SATU-SATUNYA DI INDONESIA; Gunungkidul Canangkan 14 Desa Mapan

WONOSARI (KR) - Kabupaten Gunungkidul memberanikan diri melaksanakan program Desa Mandiri Pangan (Mapan) untuk 11 desa pada 2009 ini. Sementara itu program nasional desa pangan hanya satu desa dalam setahun. Keberanian Bupati Gunungkidul, mengingat jika desa mapan hanya ditargetkan satu desa pertahun, maka untuk mencapai desa mandiri pangan dibutuhkan waktu yang cukup lama, karena jumlah desa ada 144 desa.Desa Mandiri Pangan diawali sejak 2007 dan dipilih Desa Planjan Kecamatan Saptosari dan Desa Mertelu Kecamatan Gedangsari, disusul pada 2008 lalu untuk Desa Sumber Wungu Kecamatan Tepus.

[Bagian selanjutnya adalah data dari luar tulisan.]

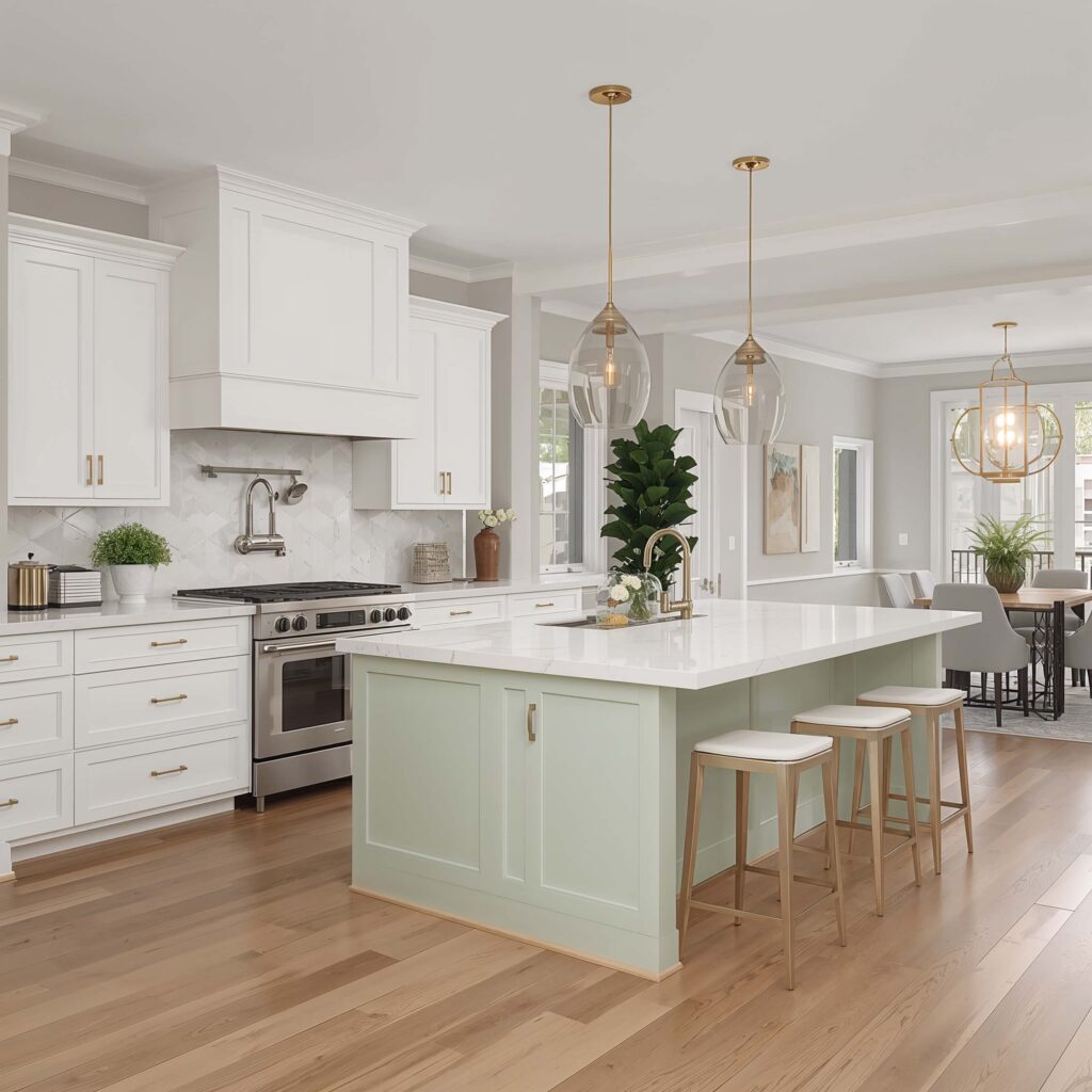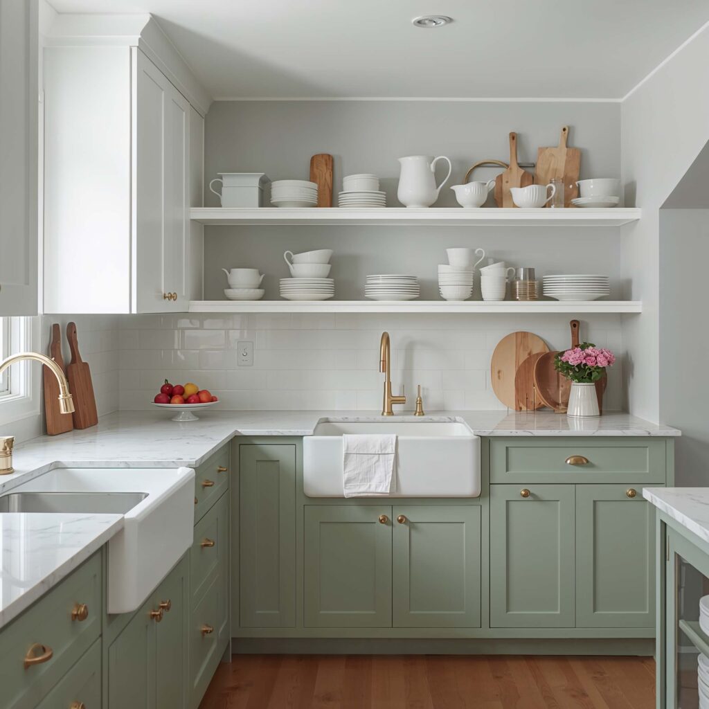 I’ve seen this done brilliantly with white uppers and light green lowers, and it’s genius. The white keeps things bright and airy while the green adds personality without overwhelming the space. Plus, it’s way less commitment than going full green.

Sedangkan desa yang dipersiapkan pada tahun ini menuju desa mapan ada 11 desa di antaranya Desa Candirejo (Semin), Kedungkleris (Nglipar), Watugajah (Gedangsari), Giriwungu (Panggang), Kanigoro (Saptosari), Pampang (Paliyan), Giring (Paliyan), Hargosari (Tanjungsari), Pucanganom (Rongkop), Tileng (Girisubo) dan Tepus (Tepus). Ditetapkannya 11 desa mapan dalam satu tahun ini merupakan satu-satunya di Indonesia.

"Sejak beberapa bulan terakhir ini Bupati Gunungkidul bersemangat untuk melakukan kampanye menyosialisasikan desa mapan bersama kepala dinas terkait," kata Kepala Badan Pelaksana Penyuluhan dan Ketahanan Pangan Gunungkidul Ir Adi Mursito kepada KR, Jumat (14/8).
Dikatakan Adi Mursito, dipilihnya 11 desa sebagai desa persiapan mandiri pangan ini melihat desa-desa tersebut merupakan desa yang rentan terhadap rawan pangan karena keterbatasan lahan pertanian yang kurang subur.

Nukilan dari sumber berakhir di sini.